While parent company Meta’s Ad Library, which archives ads on its platforms, who paid for them, and where and when they were posted, shows that the company has taken down several of these ads previously, many ads that explicitly invited users to create nudes and some ad buyers were up until I reached out to Meta for comment. Some of these ads were for the best known nonconsensual “undress” or “nudify” services on the internet.
God damn I hate this fucking AI bullshit so god damn much.
That’s highly subjective, but the fascinating book The Dawn of Everything argues otherwise. There are even parts about the anthropological evidence some peoples just up and changed systems every so often (yes, non-violently).

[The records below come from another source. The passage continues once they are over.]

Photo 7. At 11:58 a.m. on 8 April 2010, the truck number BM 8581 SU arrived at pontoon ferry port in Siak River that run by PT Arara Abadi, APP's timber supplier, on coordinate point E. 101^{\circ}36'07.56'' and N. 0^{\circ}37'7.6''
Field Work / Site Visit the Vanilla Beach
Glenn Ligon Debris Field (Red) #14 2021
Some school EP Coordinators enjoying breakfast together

Our problem as people in the modern era is many can’t imagine anything else, not that no one ever did.
What kind of economic system does the author of this book propose?

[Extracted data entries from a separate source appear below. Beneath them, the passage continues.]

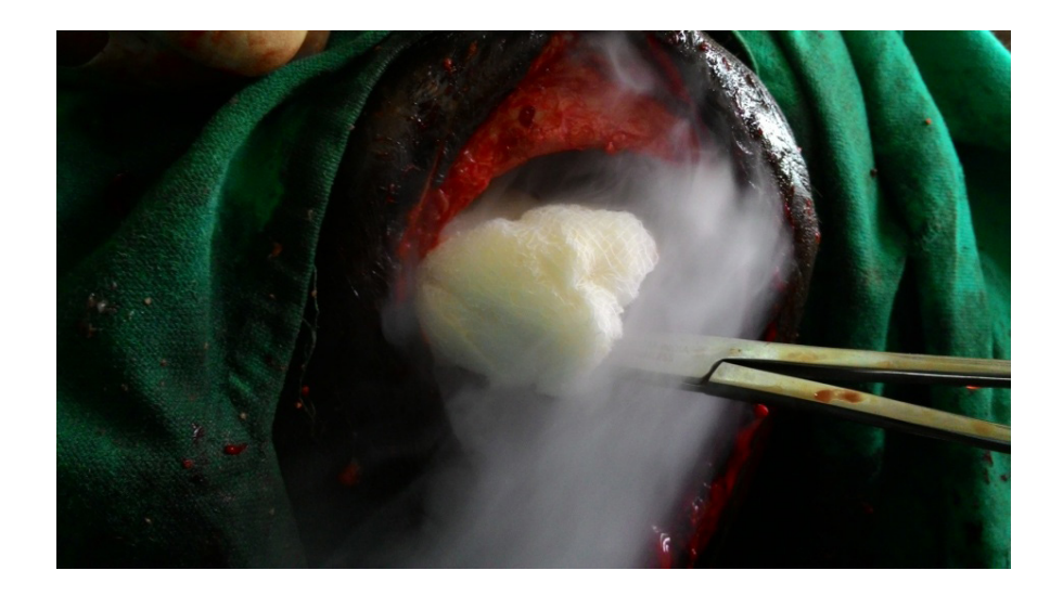
Figure 4. Photograph showing application of liquid nitrogen by swab method.
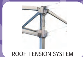
ROOF TENSION SYSTEM
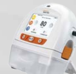
Figure 4. NPWT-D
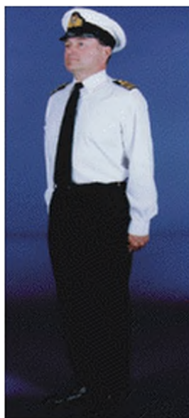
Fig 39A-7c. Warrant Officers and Senior Ratings
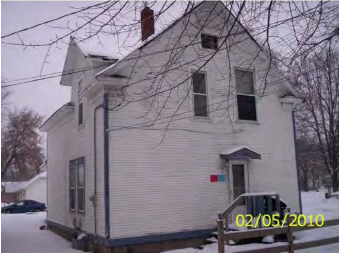
North and west sides, posting

HP District: Property Name: Survey Info:
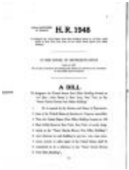
H.R 1948 100th Congress 1st Session (OGRI_b01_f04_0001)
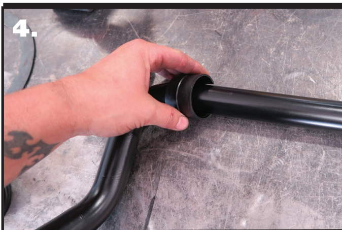
4. Open the Delrin Liner at the split and slip it over the SwayBar. Position it in the area that the bushing will ride based on the location of the stock swaybar. Do this on both ends of the swaybar.
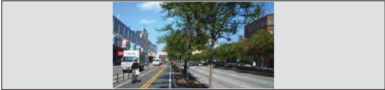
Figure 4. Joe DiMaggio Boulevard

With the closure and demolition of the elevated West Side Highway, the New York City DOT estimates that as many as 10,000 vehicles per day were diverted to Manhattan's other north-south routes, further taxing the capacity of these already congested roadways. The main goal of the Route 9A reconstruction project has been to address the problems associated with the continued use of the interim roadway and to accommodate some of the traffic diverted to other streets in the area when the elevated roadway closed.
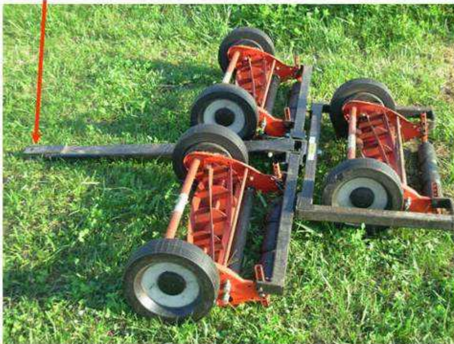
Hitch Tongue of Reel Mower

Unintentional Strawman misses the point.
A economy is but a subsystem to serve an organized society.
Not every society requires a economy, there are many ways to organize, the original foundational ideas go back to ancient greece. Read up about them.
The people with wealth and power have all the insensitive to keep things as they are. They own the planets resources, the means of productions. They loby or laws.
To think were waiting on one person to have “a better idea” for things to change is incredibly naive.
I don’t know how the system will change how the next one will look but the current one is mathematically not sustainable for another century.
It doesn’t. Graeber was an anthropologist and Wengrow is an archaeologist. It’s a review of existing evidence from past civilizations (the diversity of which most people are hugely ignorant about), making the case the most common representations of “civilization” and “progress” are severely limited, probably to a detrimental extent since we often can only base our conceptions of what is possible on what we know.